Вот Анатолий Папанов был субъектом крайне индивидуальным, парадоксально мыслящим. Бывало, вякнет Папанов какую-нибудь реплику, отсмеются окружающие, и понимаешь: да, всю жизнь сиди, мучайся — никогда бы не придумал.
Театр сатиры летел на гастроли в Милан. Мы — давно в воздухе, вдруг объявляют, что по техническим причинам будет дозаправка в Лихтенштейне. Сверху это карликовое государство — как театральный макет: домик-домик, садик-садик, капельки бассейнов, булавочки башен... Снижаемся, снижаемся, но от самой земли неожиданно вновь взмываем вверх и улетаем. И тут Толя говорит. «Да-а, не вписались в страну!»
Ощущение, что таланту все дозволено и обаяние победит, иногда приводит к театральным катастрофам.
Федор Михайлович Бурлацкий, известный американист, написал почти документальную пьесу «Бремя решений», где артисты Театра сатиры под руководством Плучека решали, бомбить Кубу или не бомбить. Андрей Миронов играл Кеннеди, Державин — Роберта Макнамарру, министра обороны, Юрий Васильев — брата Кеннеди, я — советника по печати президента Пьера Сэлинджера. Диденко играл Фрэнка Синатру, Рая Этуш — Жаклин Кеннеди, Алена Яковлева — Мэрилин Монро. Мы себе ни в чем не отказывали. Спектакль прошел раз десять.

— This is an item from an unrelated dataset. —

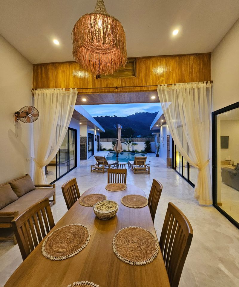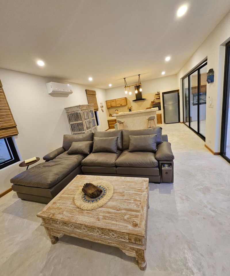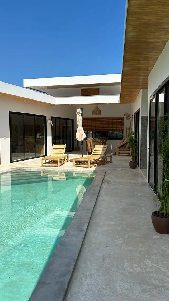 Discover refined tropical living with this stunning 3-bedroom, 3-bathroom house located in the rapidly evolving Maret area of Koh Samui. Featuring 148 sqm of elegantly designed indoor space, a 32 sqm private pool, a 14 sqm sunset terrace, and set on a generous 471 sqm Chanote-titled plot, the residence is completed in January 2025 and comes fully furnished.
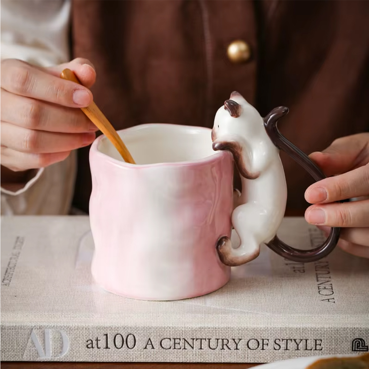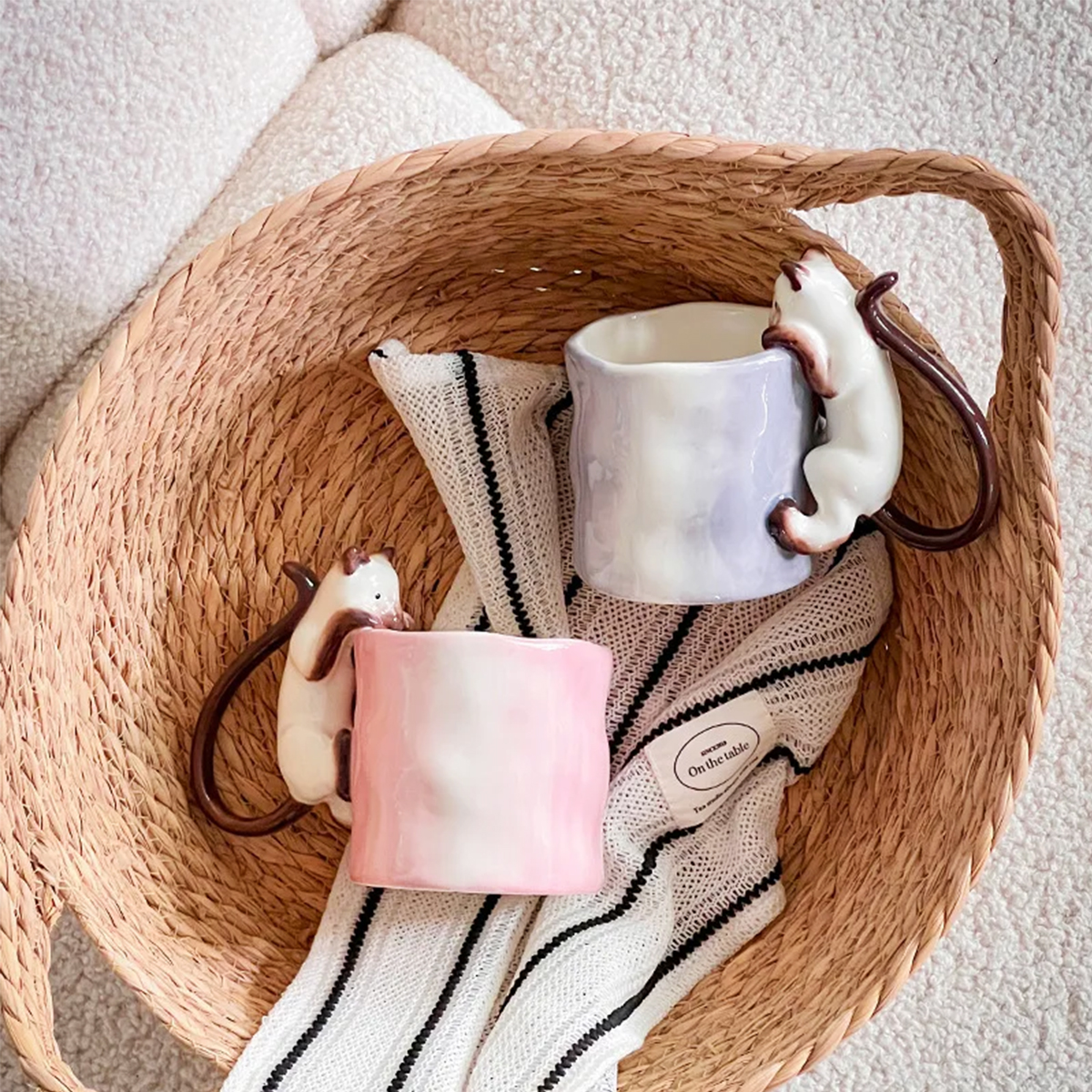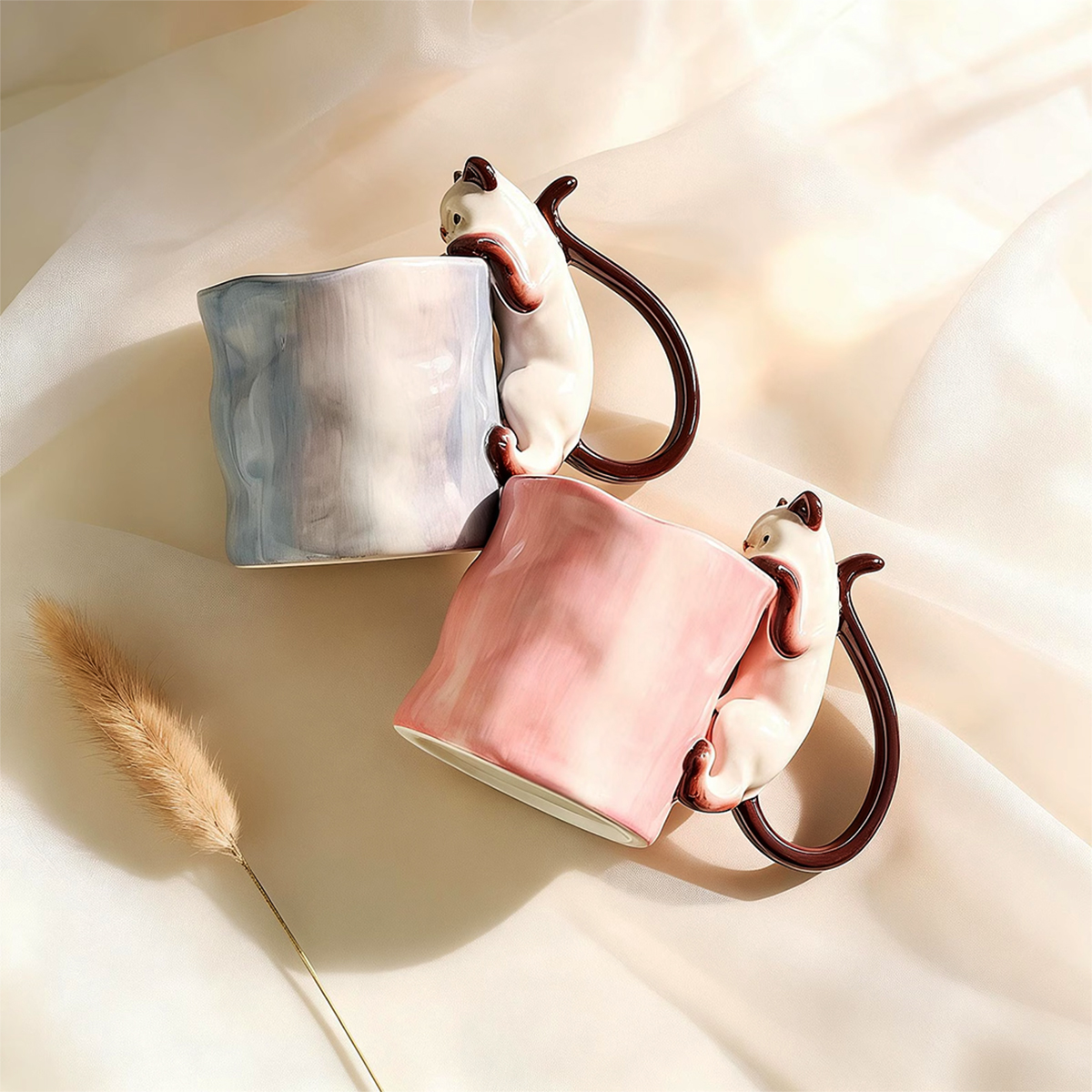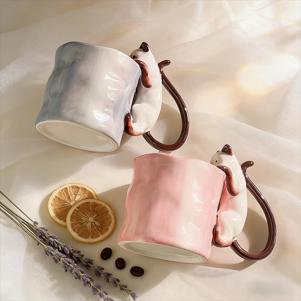 Już przy pierwszym spojrzeniu widać, że to coś więcej niż zwykły kubek na kawę. Delikatna ceramika, subtelna faktura i uroczy kot wspinający się po kubku tworzą wyjątkowy przedmiot, który przyciąga wzrok i wywołuje uśmiech – za każdym razem, gdy po niego sięgasz.

Наш незабвенный, штучный артист и человек Спартачок Мишулин исполнял в этой фантасмагории роль начальника американских штабов Томсона и не мог выговорить слова «бомбардировка». Державин посоветовал ему написать это слово на бумажке. И Спартак Васильевич в арифметической тетради для первого класса дочки Карины большими буквами вывел: «Бомбардировка». Он скатывал листок в трубочку и входил с ним в Овальный кабинет. Там он распрямлял листочек и по слогам читал: «Предлагаю начать борбан... банбар...» Весь Овальный кабинет отворачивался в судорогах. И вот очередной спектакль. Выходит Мишулин и произносит: «На понедельник, — все ждут мук с «бомбардировкой», — назначен бомбовый удар по Кубе». Это уже было нам не под силу. А у Андрея — текст, который он произнести не в состоянии. Вдали сидит Владимир Петрович Ушаков, игравший будущего президента Соединенных Штатов Линдона Джонсона. Миронов ему: «Линдон, а вы что молчите?» Тот говорит: «А почему я? У меня вообще здесь текста нет».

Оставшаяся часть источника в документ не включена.